I haven’t seen the two films “Black Swan” appears to have borrowed most heavily from, the tormented ballerina flick par excellence, “The Red Shoes,” and Polanski’s “Repulsion.” But it doesn’t take a cinephile to recognize the tropes and images used to convey Nina’s mental dissolution. They aren’t original, and they aren’t subtle; this movie has no interest in being subtle, and as a result occasionally verges on the ludicrous. Still, there’s something admirable, if a bit calculated, about the sheer conviction with which it, like Nina, literally dances towards and (arguably) leaps off the edge. Aronofsky doesn’t merely plant suggestions that much of what we see is the product of Nina’s imagination; he flags it and embellishes her hallucinations so extravagantly that only one of two responses is possible: laugh and detach, or submit and revel in the fantasy. He doubles down on doubling, as virtually very female character in the film is in one way or another a double of Nina: Lily, of course, who functions as both her rival and not-so-obscure object of desire; Nina’s mother (Barbara Hershey), herself a former ballerina, whom Nina still lives with and who both cossets and psychologically smothers her; Beth (Winona Ryder, whom I’d like to have seen more of), the company’s former star and Thomas’ ex-lover, who gets kicked to the curb in favor of younger, fresher meat; and a phantom doppelganger, of whom we see fleeting glimpses in Nina’s reflections and, er, projections. Nina confronts them all in turn, and their encounters inevitably culminate in some intensely graphic scenes that are by turns violent, erotic, creepy, and just plain grotesque.

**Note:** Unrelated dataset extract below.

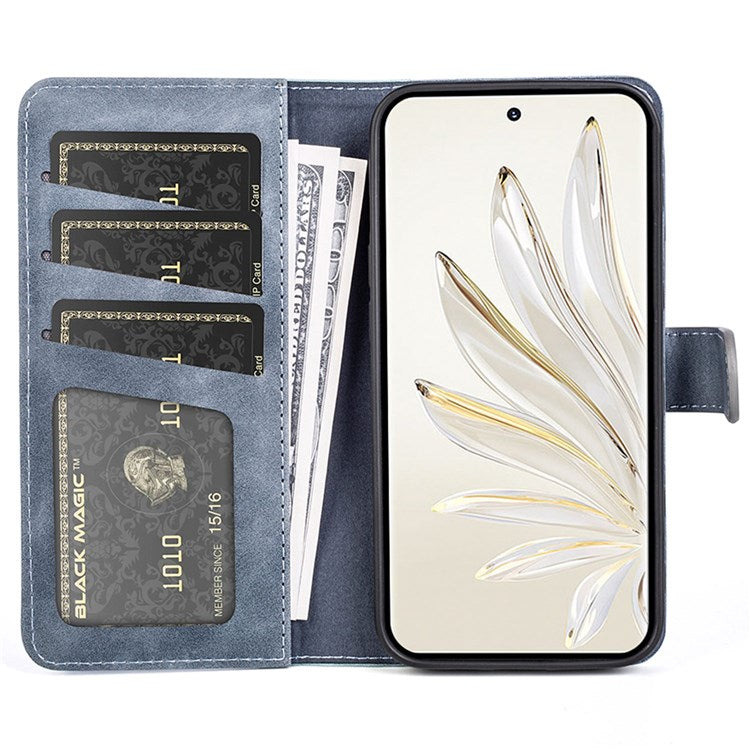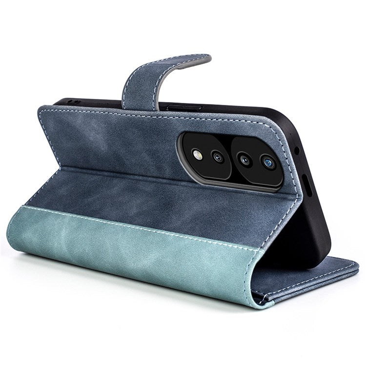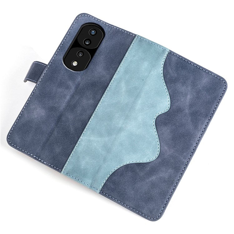 For Honor 70 Pro 5G Color Splicing Wallet Case PU Leather Magnetic Protect Flip Stand Phone Cover - Blue

The whole film plays like a fever dream, an impression enhanced by Aronofsky’s unrelenting use of hand-held digital camera and extreme close-ups of Nina’s face. The latter device may also owe something to the fact that for all her grueling training and preparation for the role, Portman isn’t quite up to snuff technically to be truly convincing as a first-class dancer. Perhaps as a consequence, the choreography seems oddly uninspired, particularly for a ballet as iconic as “Swan Lake.” In many ways, the ballet is the least interesting part of the movie, which is less of a problem than one might think.

Some have charged that “Black Swan” is shallow and exploitative; that the characters border on caricature — not excepting Nina, who comes across as more of a symbol or a construct than a fully dimensional human being. All true; and what of it? The broader truth is that Nina doesn’t have to be a fully believable or even sympathetic human being for the movie to be effective. She just has to live, breathe, and bleed, and she does, with a vengeance. It helps, of course, that Portman does a bang-up job evoking Nina’s mental Molokhov cocktail of ambition, artistic drive, stunted development, and sexual repression. “Black Swan” may not be a great film, but it’s undeniably brilliant in its ability to shock, unnerve, get under your skin, and stay there. Like a horror movie. A really good one.



Blogger EC said...

black swan definitely felt like a mash-up between the paranoia of pi and the physical self-sacrifice of the wrestler. the ending felt so similar to that of the wrestler, that i felt that arovnofsky probably should have worked on a different project instead of doing these two back-to-back.

1:34 AM  
Blogger lylee2 said...

You probably know that Aronofsky sees "The Wrestler" and "Black Swan" as companion pieces - in fact, I read somewhere that he originally conceived them as part of one movie, before deciding to split them off into two separate ones. So some of that shows, thematically and yeah, those endings (though I that last shot in "The Wrestler," for my money, has much more emotional impact than that of "Black Swan.") What separates the two primarily is style/genre.

12:04 PM  
Blogger EC said...

ah, i didn't know that. that's good to know.